**Assignment**.
Leaving out the pictures, return word for word the stretch of entries below from the line holding "JAPANESE FEMALE DOLL" through the line holding "defined in the".

**Records to process**.
══════════════════════════════
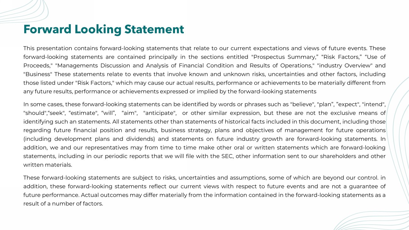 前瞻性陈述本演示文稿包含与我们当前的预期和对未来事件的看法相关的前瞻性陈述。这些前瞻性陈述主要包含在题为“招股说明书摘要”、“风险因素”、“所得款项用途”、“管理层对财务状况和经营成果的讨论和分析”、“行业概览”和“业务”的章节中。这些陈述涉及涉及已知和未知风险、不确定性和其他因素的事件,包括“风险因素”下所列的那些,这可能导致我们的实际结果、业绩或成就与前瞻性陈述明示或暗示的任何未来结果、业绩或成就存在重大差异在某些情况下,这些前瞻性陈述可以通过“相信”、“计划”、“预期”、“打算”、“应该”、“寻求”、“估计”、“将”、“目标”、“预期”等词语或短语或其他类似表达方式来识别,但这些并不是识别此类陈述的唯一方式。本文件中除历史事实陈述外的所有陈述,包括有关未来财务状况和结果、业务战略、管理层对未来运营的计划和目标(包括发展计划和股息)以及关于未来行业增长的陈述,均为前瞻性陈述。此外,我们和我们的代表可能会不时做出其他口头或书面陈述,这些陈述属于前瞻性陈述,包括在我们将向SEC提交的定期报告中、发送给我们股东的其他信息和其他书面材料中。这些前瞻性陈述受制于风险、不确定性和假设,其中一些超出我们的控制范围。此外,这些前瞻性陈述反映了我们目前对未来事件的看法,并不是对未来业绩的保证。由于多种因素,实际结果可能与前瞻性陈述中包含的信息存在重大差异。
══════════════════════════════
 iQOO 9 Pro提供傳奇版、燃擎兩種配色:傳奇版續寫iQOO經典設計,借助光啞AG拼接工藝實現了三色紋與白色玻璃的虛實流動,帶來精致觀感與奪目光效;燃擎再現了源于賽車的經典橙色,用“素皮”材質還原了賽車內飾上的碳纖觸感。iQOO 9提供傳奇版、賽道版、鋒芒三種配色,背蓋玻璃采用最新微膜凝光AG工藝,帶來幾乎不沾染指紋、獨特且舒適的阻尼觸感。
══════════════════════════════
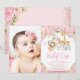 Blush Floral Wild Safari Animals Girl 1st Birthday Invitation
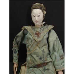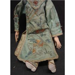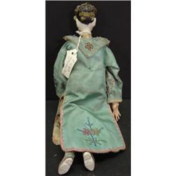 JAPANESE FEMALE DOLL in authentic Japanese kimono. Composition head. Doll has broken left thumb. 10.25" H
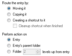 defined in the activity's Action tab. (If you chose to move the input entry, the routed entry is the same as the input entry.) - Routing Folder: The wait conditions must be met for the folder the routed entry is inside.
══════════════════════════════
**Response for this exercise**.
 JAPANESE FEMALE DOLL in authentic Japanese kimono. Composition head. Doll has broken left thumb. 10.25" H
 defined in the activity's Action tab. (If you chose to move the input entry, the routed entry is the same as the input entry.) - Routing Folder: The wait conditions must be met for the folder the routed entry is inside.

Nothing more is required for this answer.